» **Recorded data**:
====================
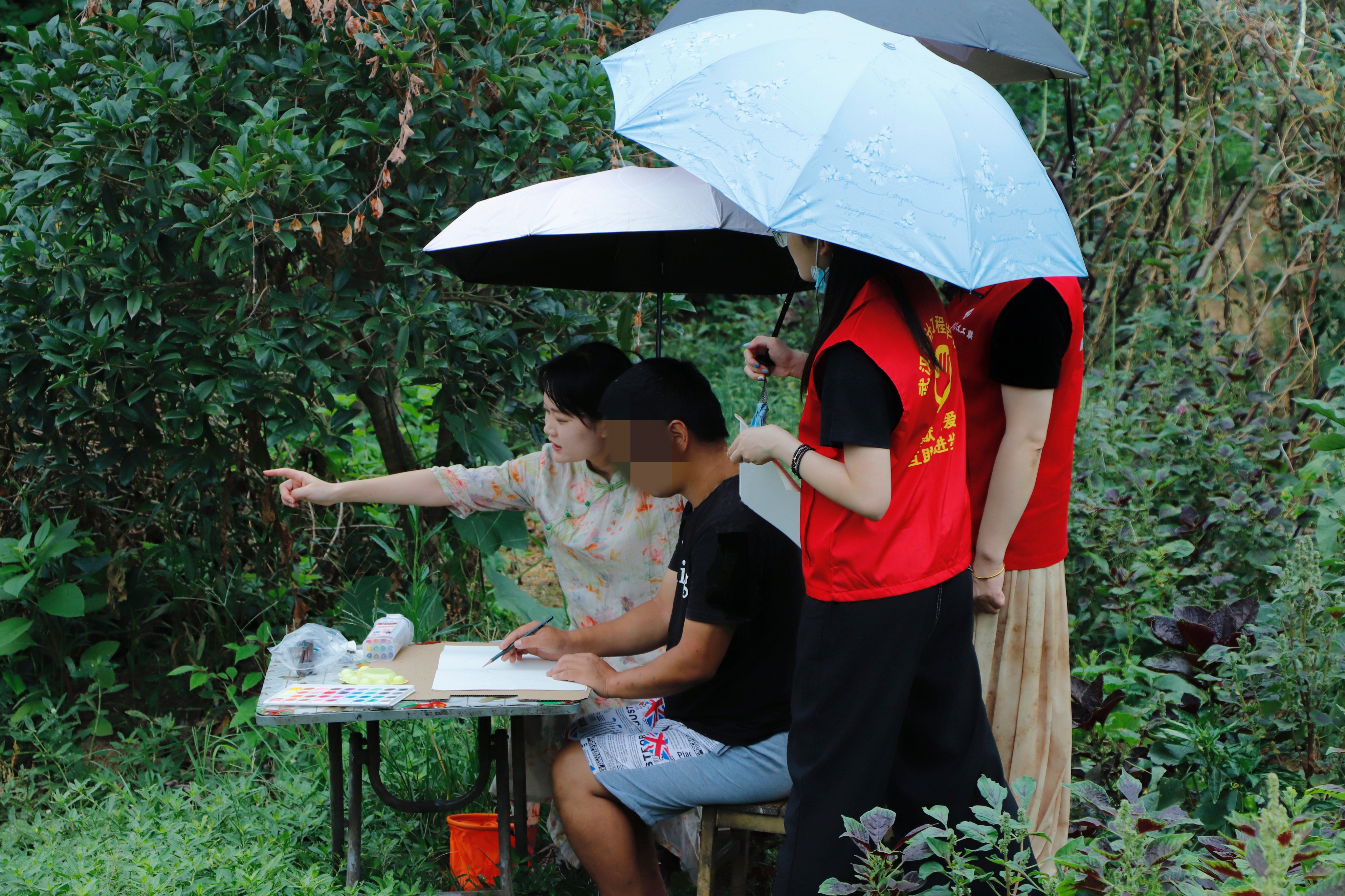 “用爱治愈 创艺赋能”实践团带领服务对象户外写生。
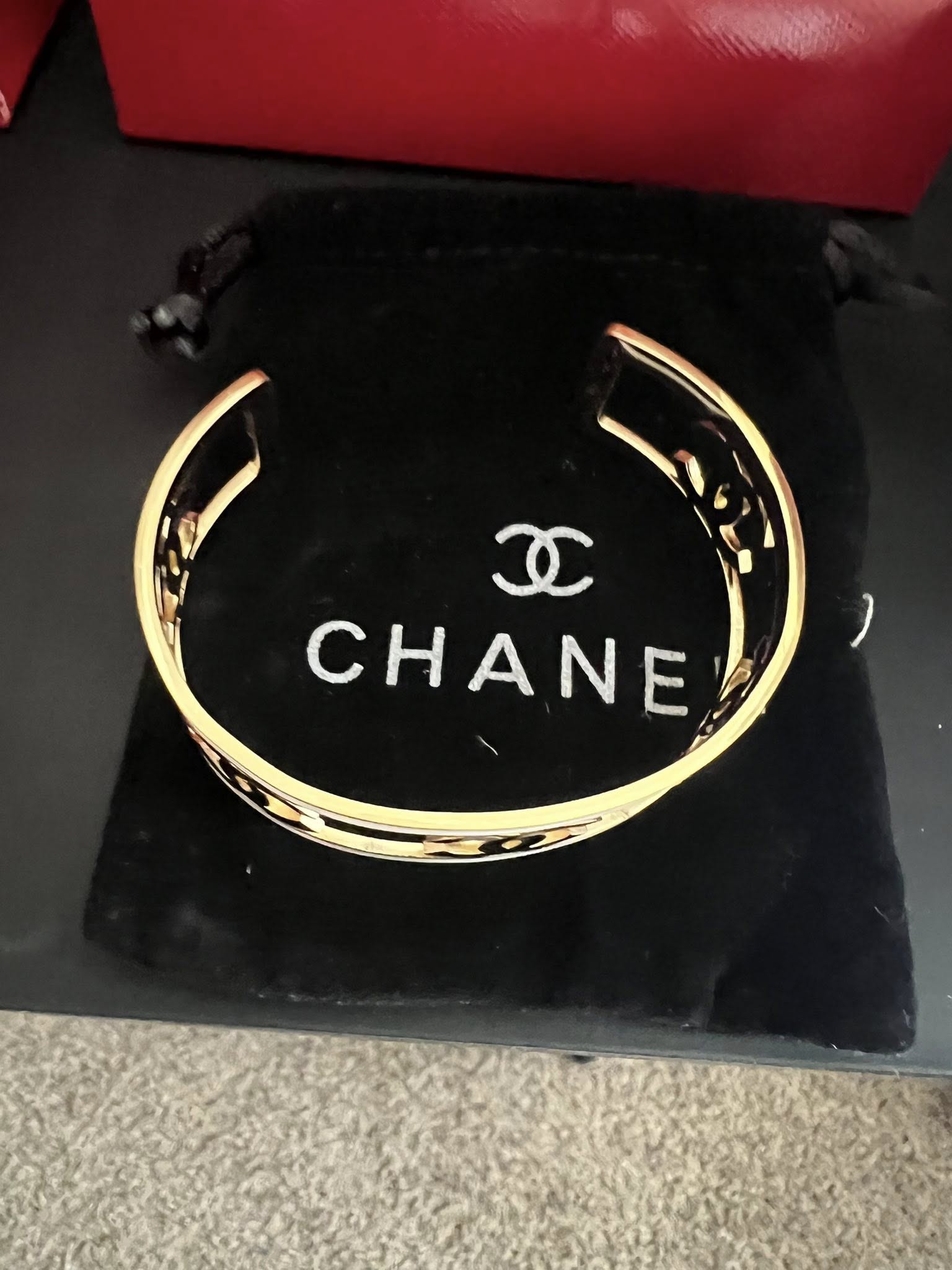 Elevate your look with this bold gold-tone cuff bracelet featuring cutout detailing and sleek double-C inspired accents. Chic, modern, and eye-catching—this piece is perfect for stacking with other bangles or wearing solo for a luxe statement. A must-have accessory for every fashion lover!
====================
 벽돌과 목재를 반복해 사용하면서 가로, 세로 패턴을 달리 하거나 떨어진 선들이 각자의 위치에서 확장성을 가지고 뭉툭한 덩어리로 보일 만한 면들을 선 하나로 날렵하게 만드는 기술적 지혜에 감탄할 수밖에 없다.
====================
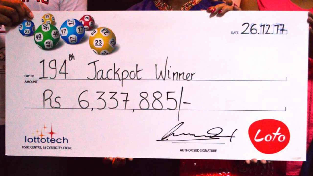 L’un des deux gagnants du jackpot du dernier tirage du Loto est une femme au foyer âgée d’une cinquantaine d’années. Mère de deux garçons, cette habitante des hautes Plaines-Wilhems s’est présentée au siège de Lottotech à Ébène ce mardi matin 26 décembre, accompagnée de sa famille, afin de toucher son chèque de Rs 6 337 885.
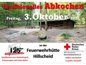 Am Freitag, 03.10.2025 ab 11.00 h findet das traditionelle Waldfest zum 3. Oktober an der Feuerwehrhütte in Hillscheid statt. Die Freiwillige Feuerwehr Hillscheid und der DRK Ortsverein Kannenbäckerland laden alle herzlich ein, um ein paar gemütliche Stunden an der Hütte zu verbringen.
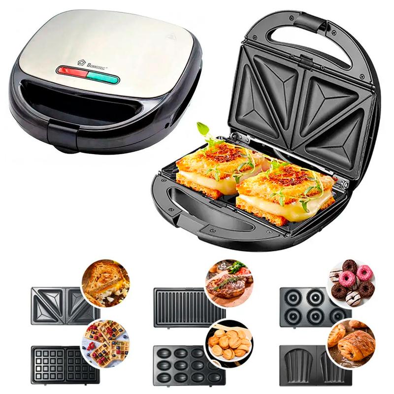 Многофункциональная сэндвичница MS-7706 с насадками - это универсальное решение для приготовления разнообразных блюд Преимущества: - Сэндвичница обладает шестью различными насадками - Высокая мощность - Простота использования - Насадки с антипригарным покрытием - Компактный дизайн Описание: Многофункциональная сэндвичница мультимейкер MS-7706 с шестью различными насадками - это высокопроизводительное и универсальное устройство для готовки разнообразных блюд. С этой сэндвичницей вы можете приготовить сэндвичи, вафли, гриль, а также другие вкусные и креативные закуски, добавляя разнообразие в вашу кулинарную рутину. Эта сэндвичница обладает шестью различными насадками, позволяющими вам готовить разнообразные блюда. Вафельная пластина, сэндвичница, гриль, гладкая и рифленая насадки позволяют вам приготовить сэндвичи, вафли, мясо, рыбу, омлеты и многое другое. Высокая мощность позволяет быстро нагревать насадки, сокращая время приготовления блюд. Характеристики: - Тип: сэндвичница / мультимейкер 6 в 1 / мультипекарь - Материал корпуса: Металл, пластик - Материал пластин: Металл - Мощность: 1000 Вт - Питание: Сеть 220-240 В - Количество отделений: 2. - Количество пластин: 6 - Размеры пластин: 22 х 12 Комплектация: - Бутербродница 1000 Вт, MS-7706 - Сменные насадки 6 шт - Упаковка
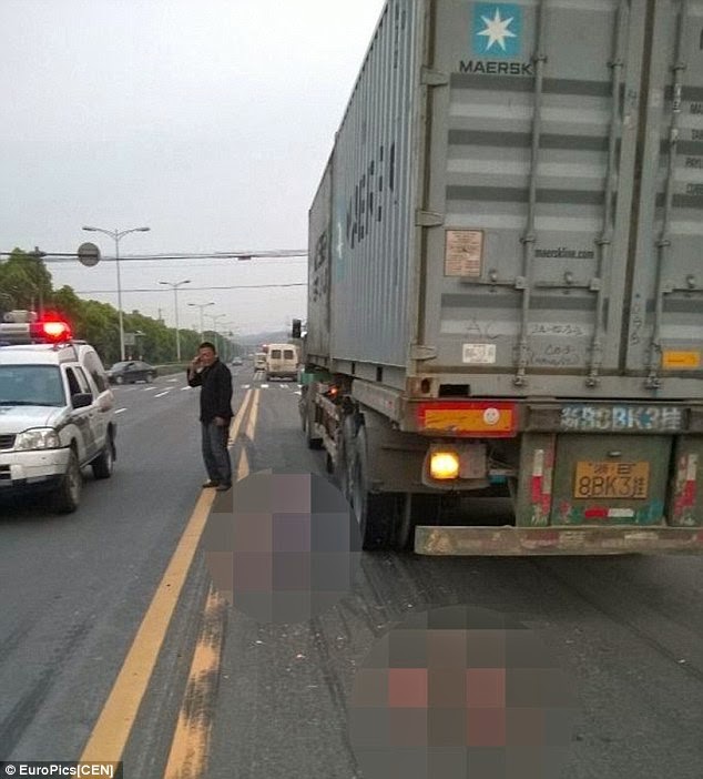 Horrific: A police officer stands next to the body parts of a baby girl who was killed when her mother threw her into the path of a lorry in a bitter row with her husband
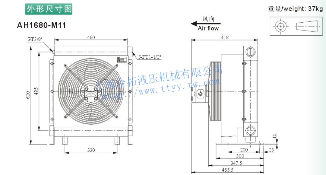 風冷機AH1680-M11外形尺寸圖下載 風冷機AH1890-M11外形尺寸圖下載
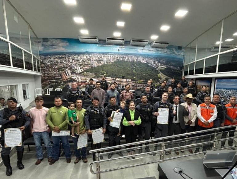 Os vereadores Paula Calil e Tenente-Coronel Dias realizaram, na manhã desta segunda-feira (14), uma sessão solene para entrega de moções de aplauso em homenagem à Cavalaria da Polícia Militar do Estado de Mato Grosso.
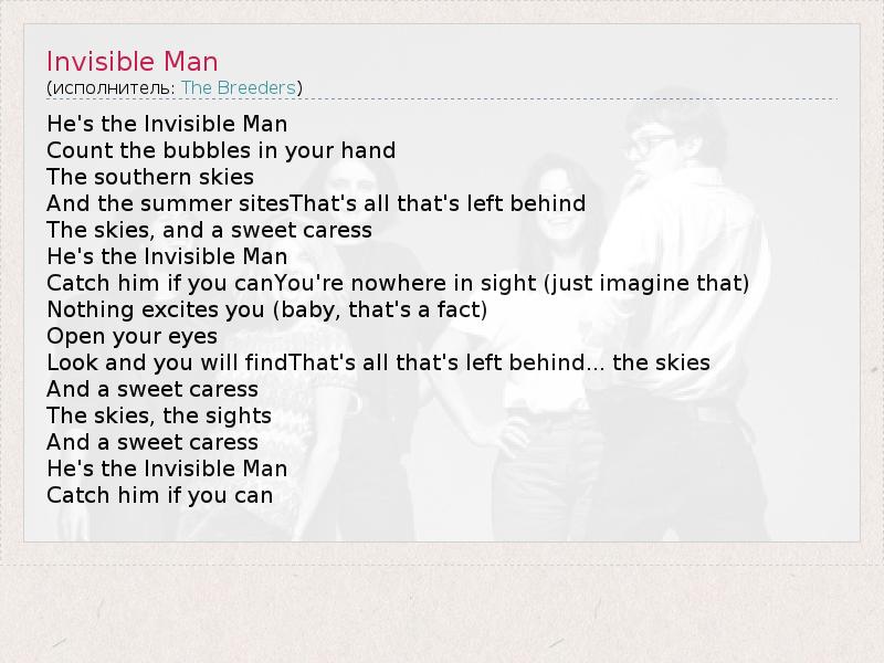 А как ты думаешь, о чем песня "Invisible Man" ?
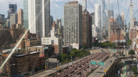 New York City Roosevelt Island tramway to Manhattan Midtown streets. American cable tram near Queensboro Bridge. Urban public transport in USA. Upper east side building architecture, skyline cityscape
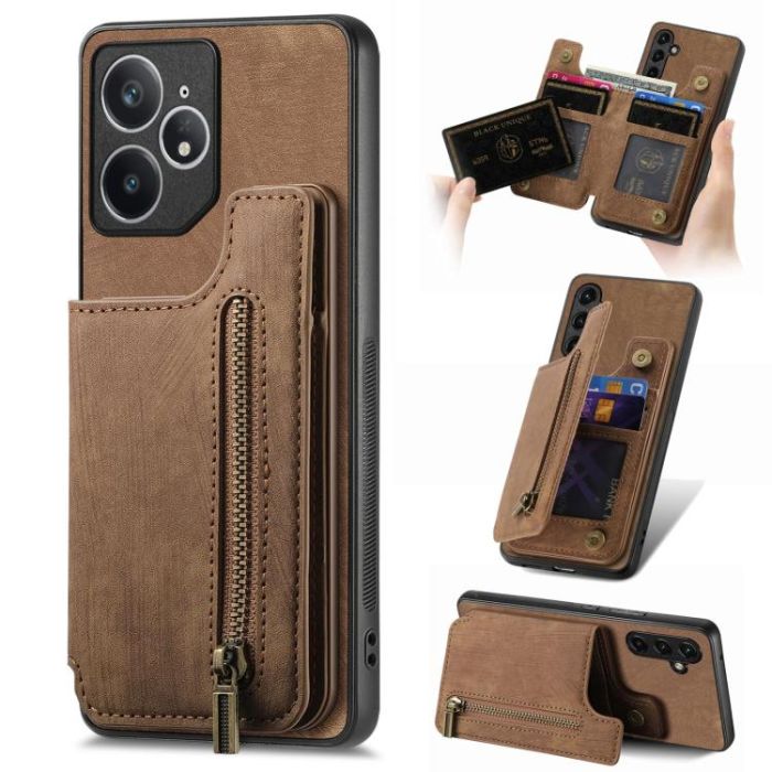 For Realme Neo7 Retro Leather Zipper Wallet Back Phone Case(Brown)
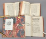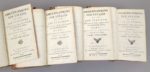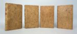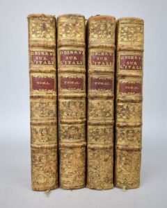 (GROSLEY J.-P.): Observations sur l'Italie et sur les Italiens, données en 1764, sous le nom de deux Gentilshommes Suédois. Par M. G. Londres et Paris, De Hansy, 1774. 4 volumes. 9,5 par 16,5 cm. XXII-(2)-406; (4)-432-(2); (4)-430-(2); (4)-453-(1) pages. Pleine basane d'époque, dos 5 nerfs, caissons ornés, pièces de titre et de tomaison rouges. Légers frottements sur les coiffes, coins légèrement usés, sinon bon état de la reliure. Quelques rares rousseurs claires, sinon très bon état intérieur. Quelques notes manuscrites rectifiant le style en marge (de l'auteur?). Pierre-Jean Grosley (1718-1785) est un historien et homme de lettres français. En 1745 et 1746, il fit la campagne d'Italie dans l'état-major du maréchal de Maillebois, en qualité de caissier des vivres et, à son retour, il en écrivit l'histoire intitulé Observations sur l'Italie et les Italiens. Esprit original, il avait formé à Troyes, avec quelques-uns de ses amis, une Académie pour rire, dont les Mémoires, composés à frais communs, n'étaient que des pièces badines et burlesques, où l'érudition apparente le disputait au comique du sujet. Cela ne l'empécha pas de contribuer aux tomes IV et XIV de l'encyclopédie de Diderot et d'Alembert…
====================
» **The problem**:
From the listing above, restate verbatim the lines running from the one with "New York City" through the one with "For Realme Neo7", inclusive, but not the pictures.

» **Your response**:
 New York City Roosevelt Island tramway to Manhattan Midtown streets. American cable tram near Queensboro Bridge. Urban public transport in USA. Upper east side building architecture, skyline cityscape
 For Realme Neo7 Retro Leather Zipper Wallet Back Phone Case(Brown)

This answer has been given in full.